Oman awarded projects valued at $4.37 billion in the first half of this year, against $4.87 billion for the same period of 2016.

The Gulf Cooperation Council (GCC) projects market had a muted performance in the first half of 2017, but is expected to perform better in the second six months of the year as the region’s economies continue to adjust to lower oil prices.

According to the latest data from MEED Projects, the region’s leading projects tracking and analysis service, just $56 billion worth of contracts were awarded in the first six months of 2017 compared with $69 billion worth of deals over the same period in 2016, a 19 per cent fall.



With the exception of Saudi Arabia, every country in the region experienced lower contract award values year-on-year, with the most marked falls seen in Kuwait (46 per cent) and Bahrain (84 per cent). Even Dubai, which has hitherto been the most robust and active of the GCC projects markets, experienced a slight dip between the two periods.

The prognosis for the second half of 2017 is bright. Based on its tracker’s pipeline of projects under bidding in addition to contracts already awarded in July and August, MEED Projects forecasts a total of just $61 billion to be let in the second half of this year, a significant improvement on the first six months.

Added to the January-June numbers, the forecast for the year as whole for the GCC is therefore $117 billion, roughly equivalent to value of contracts awarded in 2016. On a country level, the UAE, led by the Dubai real estate and transport sectors, remains the largest single market with about $38 billion worth of contract awards.
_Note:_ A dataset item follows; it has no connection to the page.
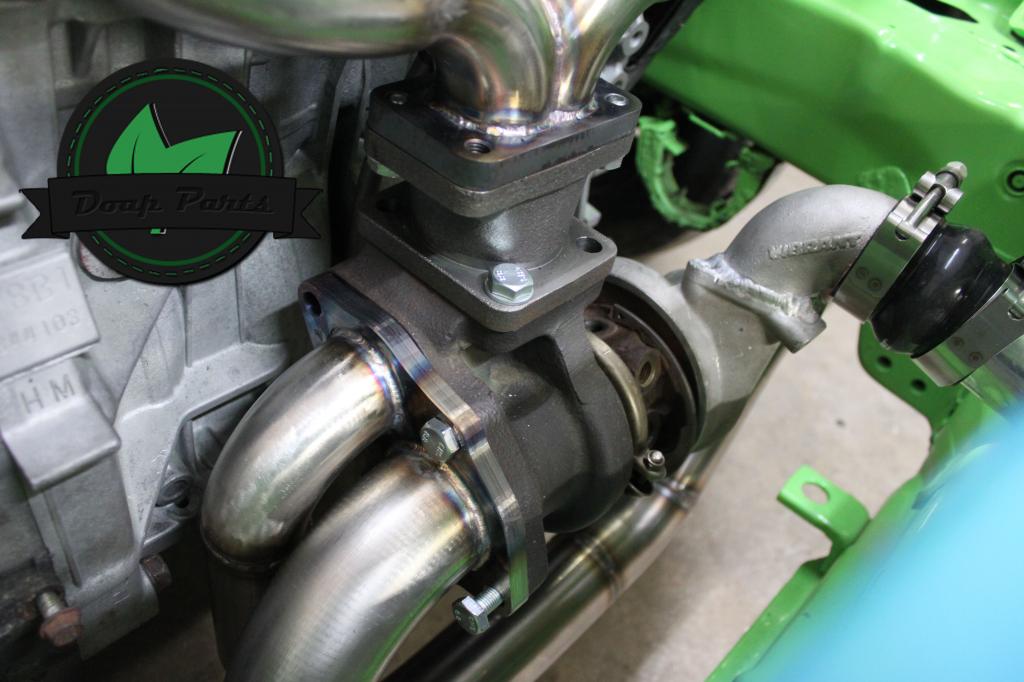 DoapFab manifold to downpipe. with BOV welded to the endtank.

It is followed by Saudi Arabia at close to $36 billion, and then Kuwait at $16.8 billion.

“Although market performance year to date has been sluggish, there have been signs of a pick-up in activity,” says Ed James, Director of Content and Analysis at MEED Projects. “The award of more than $5 billion worth of EPC contracts on the new Duqm refinery in Oman at the beginning of August, plus a raft of new project announcements in Dubai, and the gradual re-emergence of activity in Saudi Arabia have provided a degree of impetus that points to a strengthening market.”

“There is no doubt that the past two years have been tough for the projects supply chain as government spending has slowed,” added James. “But with construction companies now more efficient, the private sector more active and the number of PPP projects growing by the week, there is cause for optimism.”

Longer term, there is even more reason to be hopeful. Currently, there are over $2 trillion of known active projects in the pipeline across the GCC, according to MEED Projects data. The majority of these are infrastructure schemes that are essential to the future prosperity of the region, job creation and economic diversification. “While inevitably not all will come to fruition, we can be confident that there is still a large amount of work to come regardless of the oil price.”